The advent of nanopore sequencing technology represents a significant leap forward in the ability to read long fragments of DNA, up to 4M bases, surpassing the capabilities of traditional short-read sequencing methods that can read a few hundred bases. Despite its potential, nanopore sequencing is challenged by high error rates (5% − 15%). In this dissertation, we presents a comprehensive examination of various computational approaches to address these challenges and enhance the utility of nanopore sequencing technology in genomic analysis by using an underlying physics-based model of nanopore sequencers to guide our methods.
First, we describe a mathematical model that describes the “nanopore channel” which takes a DNA sequence as input and outputs observed current variations in a nanopore sequencer. This model accounts for impairments such as inter-symbol interference, insertions-deletions, channel fading, and random responses. Moreover, the model also provides insights for the error profiles in the nanopore sequencer that can be utilized to develop algorithms for downstream applications. We further study the bounds on the information extraction capacity of nanopore sequencers that provide benchmarks for existing base-calling algorithms and guidelines for designing improved nanopores.

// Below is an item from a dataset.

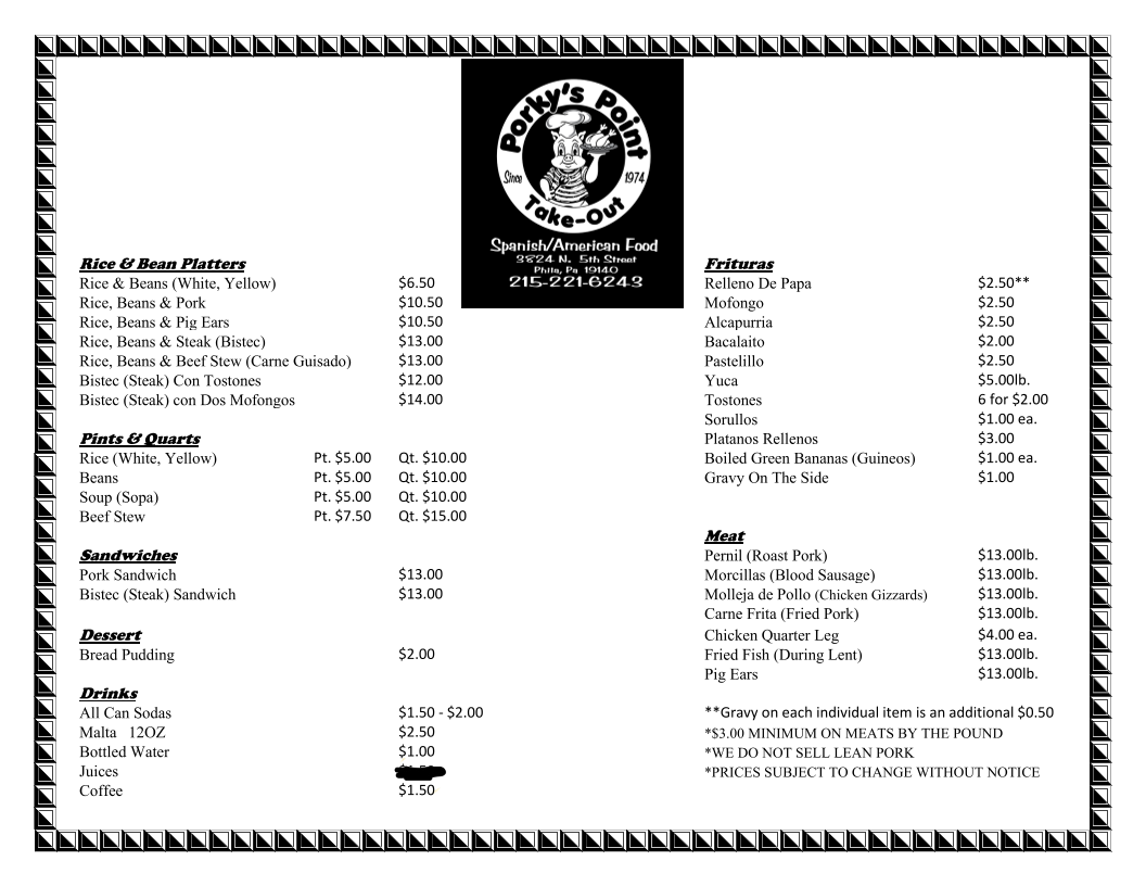Porky's Point Restaurant Menu
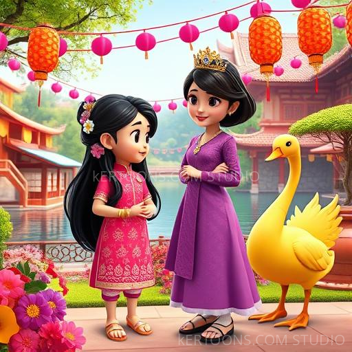 Back in the village, everyone gathers to celebrate Sana’s bravery and kindness. The festival is filled with music, dancing, and colorful lights. The golden swan returns to the lake, shining brighter than ever, as Sana smiles happily. She learns that true happiness comes from sharing and caring, not from greed. The villagers cheer, knowing that kindness has made their world a more beautiful place.

Our first main algorithmic work introduces QAlign, a preprocessing tool that improves the accuracy and efficiency of long-read aligners by converting nucleotide reads into discretized current levels. This transformation captures the error characteristics of nanopore sequencers studied in the previous work, enhancing alignment rates of nanopore reads to reference from around 80% to 90%, improving overlap quality for read-to-read alignments, and read-to-transcriptome alignment rates significantly across multiple datasets.
Our second main algorithmic work focuses on the detection of structural variants (SVs) using nanopore sequenced reads. We present HQAlign, an aligner designed to leverage the physics of nanopore sequencing and SV-specific modifications to enhance alignment accuracy. HQAlign demonstrates a 4% − 6% improvement in detecting complementary SVs compared to the minimap2 aligner, along with substantial improvements in breakpoint accuracy and overall alignment rates for read-to-reference alignments as compared to QAlign and minimap2.
The final algorithmic work addresses the challenge of identifying heterozygous variants using the highly erroneous nanopore reads data for developing algorithms for diploid genome assembly. We propose an algorithm that identifies heterozygous variants with a recall of 90% and precision of 70%, facilitating the reconstruction of diploid genomes without additional reference information or preliminary draft assemblies.
Collectively, these studies advance the understanding and application of nanopore sequencing technology, offering novel computational methods to mitigate high error rates and improve genomic analyses, including alignment, structural variant detection, and diploid genome assembly.